◆ **TASK**: Will you give every entry again exactly as it stands?

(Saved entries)
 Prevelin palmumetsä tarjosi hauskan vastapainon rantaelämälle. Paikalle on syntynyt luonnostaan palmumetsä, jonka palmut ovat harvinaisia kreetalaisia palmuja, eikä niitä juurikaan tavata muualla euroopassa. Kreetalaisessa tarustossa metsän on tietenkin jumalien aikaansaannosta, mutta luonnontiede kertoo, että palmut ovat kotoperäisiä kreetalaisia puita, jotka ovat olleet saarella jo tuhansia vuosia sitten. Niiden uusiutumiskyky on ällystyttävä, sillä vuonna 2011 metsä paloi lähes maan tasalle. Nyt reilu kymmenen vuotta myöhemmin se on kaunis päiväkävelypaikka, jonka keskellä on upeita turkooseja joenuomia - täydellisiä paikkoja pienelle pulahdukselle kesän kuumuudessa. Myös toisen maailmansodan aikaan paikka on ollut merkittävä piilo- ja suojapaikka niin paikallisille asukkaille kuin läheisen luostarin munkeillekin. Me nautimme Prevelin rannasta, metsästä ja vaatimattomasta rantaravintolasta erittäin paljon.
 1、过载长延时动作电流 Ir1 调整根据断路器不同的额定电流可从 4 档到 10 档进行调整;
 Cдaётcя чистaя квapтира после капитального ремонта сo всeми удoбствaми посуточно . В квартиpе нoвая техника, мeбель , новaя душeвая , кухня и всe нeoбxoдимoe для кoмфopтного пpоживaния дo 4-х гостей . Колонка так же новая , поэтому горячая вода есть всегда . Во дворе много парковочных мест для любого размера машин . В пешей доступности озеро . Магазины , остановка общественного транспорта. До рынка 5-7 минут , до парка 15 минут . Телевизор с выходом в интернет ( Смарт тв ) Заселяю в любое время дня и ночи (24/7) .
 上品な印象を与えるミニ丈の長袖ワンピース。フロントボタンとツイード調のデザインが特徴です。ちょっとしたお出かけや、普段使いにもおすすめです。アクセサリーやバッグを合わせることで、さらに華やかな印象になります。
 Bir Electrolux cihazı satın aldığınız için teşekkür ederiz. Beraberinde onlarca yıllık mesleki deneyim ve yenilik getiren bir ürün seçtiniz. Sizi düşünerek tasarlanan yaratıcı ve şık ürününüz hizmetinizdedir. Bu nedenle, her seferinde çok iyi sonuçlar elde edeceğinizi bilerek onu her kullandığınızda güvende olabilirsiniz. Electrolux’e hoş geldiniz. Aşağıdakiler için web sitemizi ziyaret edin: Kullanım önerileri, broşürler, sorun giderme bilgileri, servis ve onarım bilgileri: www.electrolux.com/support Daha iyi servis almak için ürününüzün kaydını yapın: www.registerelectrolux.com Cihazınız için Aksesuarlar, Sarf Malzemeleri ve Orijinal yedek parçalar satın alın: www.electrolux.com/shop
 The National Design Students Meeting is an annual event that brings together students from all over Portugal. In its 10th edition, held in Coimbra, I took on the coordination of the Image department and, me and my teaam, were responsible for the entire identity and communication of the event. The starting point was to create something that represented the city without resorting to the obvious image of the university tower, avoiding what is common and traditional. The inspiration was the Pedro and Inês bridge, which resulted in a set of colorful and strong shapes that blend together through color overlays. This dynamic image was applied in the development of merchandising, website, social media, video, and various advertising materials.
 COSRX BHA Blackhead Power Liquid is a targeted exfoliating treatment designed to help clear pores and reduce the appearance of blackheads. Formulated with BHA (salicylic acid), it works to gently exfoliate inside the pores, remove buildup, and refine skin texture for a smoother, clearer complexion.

◆ **RESULT OF THIS EXERCISE**:
 Prevelin palmumetsä tarjosi hauskan vastapainon rantaelämälle. Paikalle on syntynyt luonnostaan palmumetsä, jonka palmut ovat harvinaisia kreetalaisia palmuja, eikä niitä juurikaan tavata muualla euroopassa. Kreetalaisessa tarustossa metsän on tietenkin jumalien aikaansaannosta, mutta luonnontiede kertoo, että palmut ovat kotoperäisiä kreetalaisia puita, jotka ovat olleet saarella jo tuhansia vuosia sitten. Niiden uusiutumiskyky on ällystyttävä, sillä vuonna 2011 metsä paloi lähes maan tasalle. Nyt reilu kymmenen vuotta myöhemmin se on kaunis päiväkävelypaikka, jonka keskellä on upeita turkooseja joenuomia - täydellisiä paikkoja pienelle pulahdukselle kesän kuumuudessa. Myös toisen maailmansodan aikaan paikka on ollut merkittävä piilo- ja suojapaikka niin paikallisille asukkaille kuin läheisen luostarin munkeillekin. Me nautimme Prevelin rannasta, metsästä ja vaatimattomasta rantaravintolasta erittäin paljon.
 1、过载长延时动作电流 Ir1 调整根据断路器不同的额定电流可从 4 档到 10 档进行调整;
 Cдaётcя чистaя квapтира после капитального ремонта сo всeми удoбствaми посуточно . В квартиpе нoвая техника, мeбель , новaя душeвая , кухня и всe нeoбxoдимoe для кoмфopтного пpоживaния дo 4-х гостей . Колонка так же новая , поэтому горячая вода есть всегда . Во дворе много парковочных мест для любого размера машин . В пешей доступности озеро . Магазины , остановка общественного транспорта. До рынка 5-7 минут , до парка 15 минут . Телевизор с выходом в интернет ( Смарт тв ) Заселяю в любое время дня и ночи (24/7) .
 上品な印象を与えるミニ丈の長袖ワンピース。フロントボタンとツイード調のデザインが特徴です。ちょっとしたお出かけや、普段使いにもおすすめです。アクセサリーやバッグを合わせることで、さらに華やかな印象になります。
 Bir Electrolux cihazı satın aldığınız için teşekkür ederiz. Beraberinde onlarca yıllık mesleki deneyim ve yenilik getiren bir ürün seçtiniz. Sizi düşünerek tasarlanan yaratıcı ve şık ürününüz hizmetinizdedir. Bu nedenle, her seferinde çok iyi sonuçlar elde edeceğinizi bilerek onu her kullandığınızda güvende olabilirsiniz. Electrolux’e hoş geldiniz. Aşağıdakiler için web sitemizi ziyaret edin: Kullanım önerileri, broşürler, sorun giderme bilgileri, servis ve onarım bilgileri: www.electrolux.com/support Daha iyi servis almak için ürününüzün kaydını yapın: www.registerelectrolux.com Cihazınız için Aksesuarlar, Sarf Malzemeleri ve Orijinal yedek parçalar satın alın: www.electrolux.com/shop
 The National Design Students Meeting is an annual event that brings together students from all over Portugal. In its 10th edition, held in Coimbra, I took on the coordination of the Image department and, me and my teaam, were responsible for the entire identity and communication of the event. The starting point was to create something that represented the city without resorting to the obvious image of the university tower, avoiding what is common and traditional. The inspiration was the Pedro and Inês bridge, which resulted in a set of colorful and strong shapes that blend together through color overlays. This dynamic image was applied in the development of merchandising, website, social media, video, and various advertising materials.
 COSRX BHA Blackhead Power Liquid is a targeted exfoliating treatment designed to help clear pores and reduce the appearance of blackheads. Formulated with BHA (salicylic acid), it works to gently exfoliate inside the pores, remove buildup, and refine skin texture for a smoother, clearer complexion.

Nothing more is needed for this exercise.